Dataset section:
────────
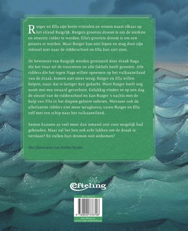 De bewoners van Ruigrijk worden geteisterd door draak Naga die het vuur uit de vuurtoren en alle fakkels gestolen heeft. Alle ridders die het tegen Naga willen opnemen op het vulkaaneiland van de draak, komen niet meer terug. Rutger en Ella willen helpen, maar dat is lastiger dan gedacht. Want Rutger heeft nog nooit met een zwaard gevochten. Gelukkig vinden ze op een dag de sleutel van de ridderschool en kan Rutger ’s nachts met hulp van Ella in het diepste geheim oefenen. Wanneer ook de allerlaatste ridders niet meer terugkeren, varen Rutger en Ella zelf met een schip naar het vulkaaneiland.
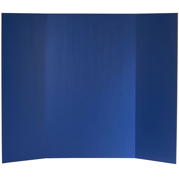 Constructed from sturdy lightweight 1-ply corrugated fiberboard with overlapping side panels that make transporting the board easy. The smooth bold blue surface has a slightly glossy finish that easily accepts markers, crayons, paints and adhesives. Back of board is brown kraft. Measures 36" x 48" overall - side panels measure 36" high by 12.75" wide and the center panel measures 36" high by 22.5" wide. Box includes 24 boards.
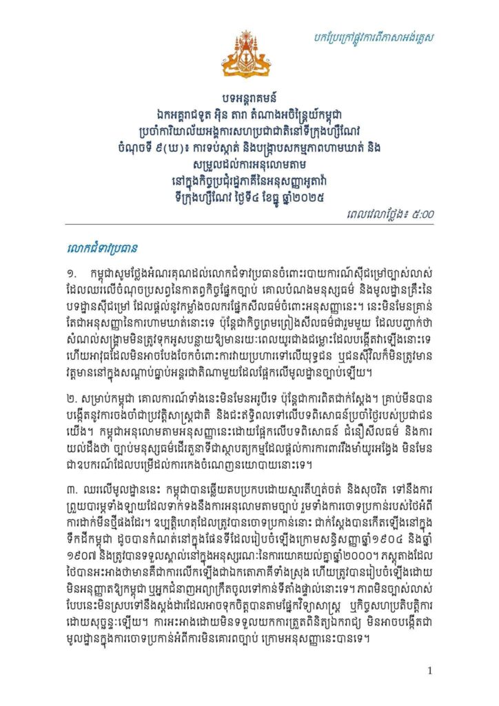 កម្ពុជាត្រៀមខ្លួនជាស្រេច ដើម្បីចូលរួមប្រកបដោយភាពស្ថាបនា តម្លាភាព និងការអនុលោម តាមគោលការណ៍ដែលបានណែនាំនៅក្នុអនុសញ្ញានេះ៕ រក្សាសិទ្ធដោយ៖សុទ្ធលី
────────
Work to be completed:
Leaving the pictures out, transcribe word for word the lines from the one with "Constructed from sturdy" to the end of the material above, inclusive, and nothing else.

Written answer:
 Constructed from sturdy lightweight 1-ply corrugated fiberboard with overlapping side panels that make transporting the board easy. The smooth bold blue surface has a slightly glossy finish that easily accepts markers, crayons, paints and adhesives. Back of board is brown kraft. Measures 36" x 48" overall - side panels measure 36" high by 12.75" wide and the center panel measures 36" high by 22.5" wide. Box includes 24 boards.
 កម្ពុជាត្រៀមខ្លួនជាស្រេច ដើម្បីចូលរួមប្រកបដោយភាពស្ថាបនា តម្លាភាព និងការអនុលោម តាមគោលការណ៍ដែលបានណែនាំនៅក្នុអនុសញ្ញានេះ៕ រក្សាសិទ្ធដោយ៖សុទ្ធលី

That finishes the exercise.